이번글은 주어지는 text들을 비지도 학습으로 분류하는 방법 입니다. 여러가지 방법이 있겠지만 GPT를 이용해서 이것저것 시도해 보았고 그중에 추천하는 방법에 대해서 샘플을 실행해서 동작하는 것을 보고 가져왔습니다. GPT에 묻더라도 장황하고, 몇단계로 질문은 해야 정리가 되고 결과물도 실제 테스트된 코드도 아니기 때문에 이글에서는 해당 내용들을 정리했다고 보면 됩니다.

다음 순서로 진행 됩니다.

문장 분리 → Sentence-BERT 문장 임베딩 → 문단 임베딩 (문장 평균) → UMAP → HDBSCAN

→ 클러스터 ID

입력 포맷입니다.

JSONL 예시 데이터


{"input":"오늘 날씨가 정말 좋다. 하늘이 맑아서 기분이 상쾌하다. 오랜만에 산책을 나갔다."}
{"input":"비가 하루 종일 내렸다. 우산을 챙기지 않아서 옷이 다 젖었다. 날씨가 우울하다."}
{"input":"기온이 갑자기 떨어졌다. 바람도 많이 불어서 체감 온도가 낮다."}

{"input":"점심으로 김치찌개를 먹었다. 국물이 진하고 고기가 부드러웠다. 다음에는 또 오고 싶다."}
{"input":"저녁에 친구들과 치킨을 시켜 먹었다. 양이 많고 바삭해서 만족스러웠다."}
{"input":"이탈리안 레스토랑에 갔다. 파스타와 피자가 정말 맛있었다. 분위기도 좋았다."}

{"input":"파이썬으로 머신러닝을 공부하고 있다. 데이터 전처리가 가장 어렵다. 그래도 재미있다."}
{"input":"딥러닝 모델의 성능을 개선했다. 하이퍼파라미터 튜닝이 효과적이었다."}
{"input":"자연어 처리를 위해 Sentence-BERT를 사용하고 있다. 임베딩 성능이 매우 좋다."}

{"input":"주식 시장이 크게 하락했다. 투자 심리가 위축되고 있다. 당분간 변동성이 클 것 같다."}
{"input":"비트코인 가격이 다시 상승했다. 가상자산 시장에 관심이 몰리고 있다."}
{"input":"환율 변동이 심해지고 있다. 수입 기업들의 부담이 커지고 있다."}

{"input":"The weather is really nice today. The sky is clear and blue. I decided to take a walk."}
{"input":"It rained all day. I forgot my umbrella and got completely soaked."}
{"input":"The temperature dropped suddenly. It feels much colder than yesterday."}

{"input":"I had pasta for lunch. The sauce was rich and delicious. I would love to visit again."}
{"input":"We ordered fried chicken for dinner. It was crispy and well seasoned."}
{"input":"The restaurant had a great atmosphere. The food was amazing and fresh."}

{"input":"I am studying machine learning with Python. Data preprocessing is harder than expected."}
{"input":"The deep learning model achieved better accuracy. Hyperparameter tuning really helped."}
{"input":"Sentence embeddings are useful for text clustering. SBERT works very well."}

{"input":"The stock market dropped significantly today. Investors are getting nervous."}
{"input":"Bitcoin prices are rising again. The crypto market is becoming volatile."}
{"input":"Exchange rates are fluctuating rapidly. Global markets are reacting."}

{"input":"오늘은 회의가 많았다. 프로젝트 일정에 대해 논의했다. 생각보다 시간이 오래 걸렸다."}
{"input":"팀원들과 협업이 잘 되고 있다. 커뮤니케이션이 프로젝트 성공의 핵심이다."}

{"input":"I had a meeting all morning.
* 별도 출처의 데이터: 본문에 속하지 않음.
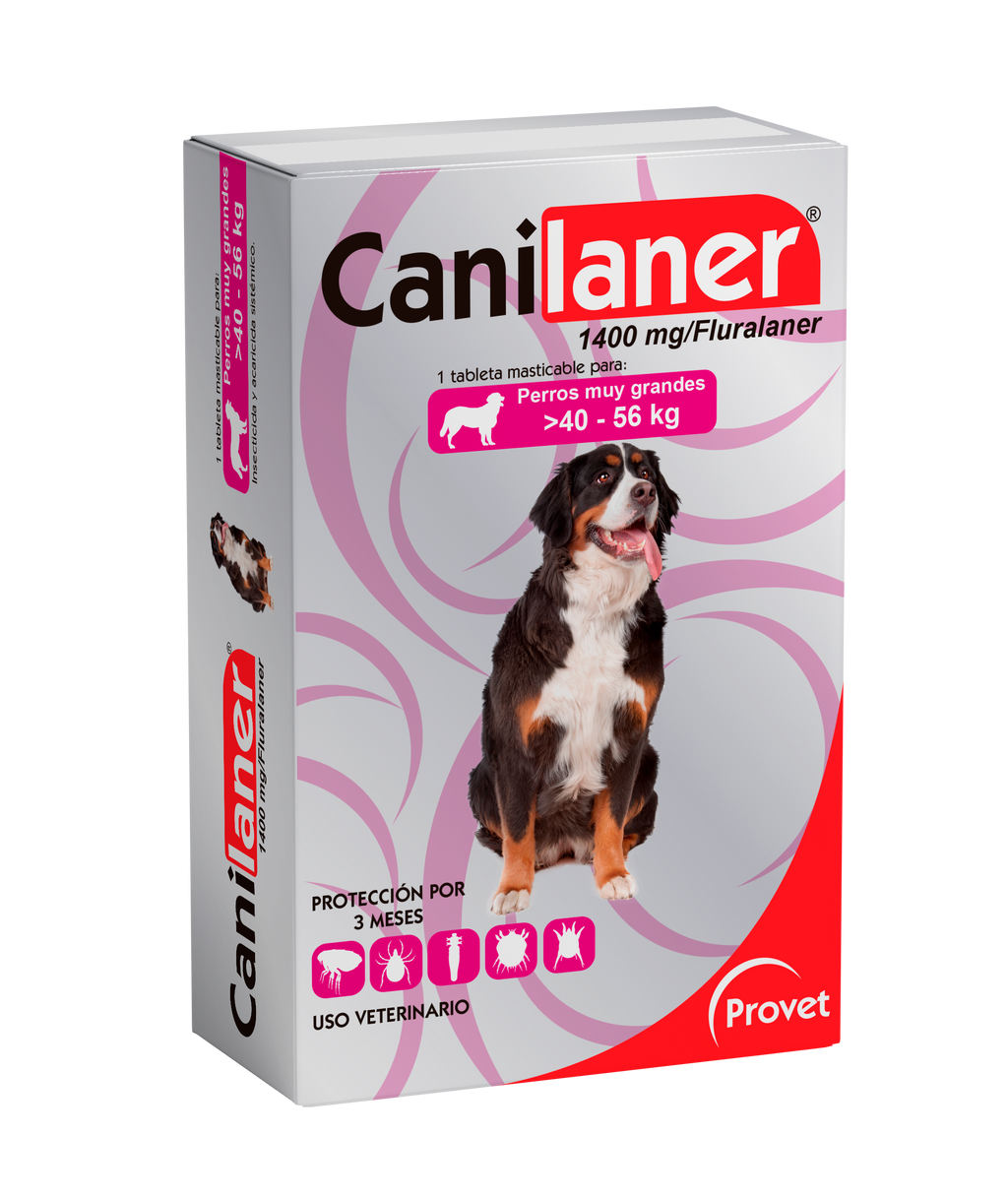 Canilaner es una tableta masticable saborizada, que contiene fluralaner micronizado. Esta indicado como insecticida y acaricida sistémico para el tratamiento y control de pulgas, garrapatas y ácaros de la sarna, con protección persistente por 12 semanas, tras una única administración.0

We discussed the project timeline in detail."}
{"input":"Team collaboration is going well. Clear communication makes everything easier."}

{"input":"파이썬으로 데이터 분석을 진행했다. 판다스와 넘파이를 활용했다. 결과가 만족스럽다."}
{"input":"I analyzed the dataset using pandas and numpy. The results were quite interesting."}

아래는 코드 입니다.

    


# python -m pip install kss spacy langdetect sentence-transformers umap-learn hdbscan
# python -m spacy download en_core_web_sm

import json
import numpy as np
from langdetect import detect, DetectorFactory
from kss import split_sentences as split_ko
import spacy
from sentence_transformers import SentenceTransformer
import umap
import hdbscan

# 2	자잘한 클러스터 폭증
# 5	적당 (추천 시작점)
# 10	큰 주제만 남음
min_cluster_size = 5
min_samples = min_cluster_size // 2

# -----------------------------------
# 0. 초기 설정
# -----------------------------------

DetectorFactory.seed = 42  # langdetect 재현성
nlp_en = spacy.load("en_core_web_sm")

model = SentenceTransformer(
    "paraphrase-multilingual-mpnet-base-v2"
)

# -----------------------------------
# 1. 언어별 문장 분리 함수
# -----------------------------------

def split_english(text: str):
    doc = nlp_en(text)
    return [sent.text.strip() for sent in doc.sents if sent.text.strip()]

def split_korean(text: str):
    try:
        # mecab이 있으면 사용
        return split_ko(text, backend="mecab", strip=True)
    except ImportError:
        # 없으면 기본 backend로 fallback
        return split_ko(text, strip=True)

def split_sentences_auto(text: str):
    """
    언어 감지 후 자동 분기
    """
    try:
        lang = detect(text)
    except Exception:
        return [text]

    if lang == "ko":
        sents = split_korean(text)
    elif lang == "en":
        sents = split_english(text)
    else:
        # 기타 언어 or 짧은 텍스트
        sents = [text]

    return sents if sents else [text]

# -----------------------------------
# 2. JSONL 로드 + 문장 분리
# -----------------------------------

documents = []    # 문장 리스트
raw_texts = []    # 원문

with open("input.jsonl", "r", encoding="utf-8") as f:
    for line in f:
        line = line.strip()

        # ✅ 빈 줄 무시
        if not line:
            continue
            
        obj = json.loads(line)
        text = obj["input"].strip()

        raw_texts.append(text)
        sentences = split_sentences_auto(text)
        documents.append(sentences)

# -----------------------------------
# 3. Sentence-BERT 문장 임베딩
# -----------------------------------

doc_embeddings = []

for sentences in documents:
    sent_embeddings = model.encode(
        sentences,
        convert_to_numpy=True,
        normalize_embeddings=True
    )

    # ✅ 문단 임베딩 = 문장 평균
    doc_embedding = sent_embeddings.mean(axis=0)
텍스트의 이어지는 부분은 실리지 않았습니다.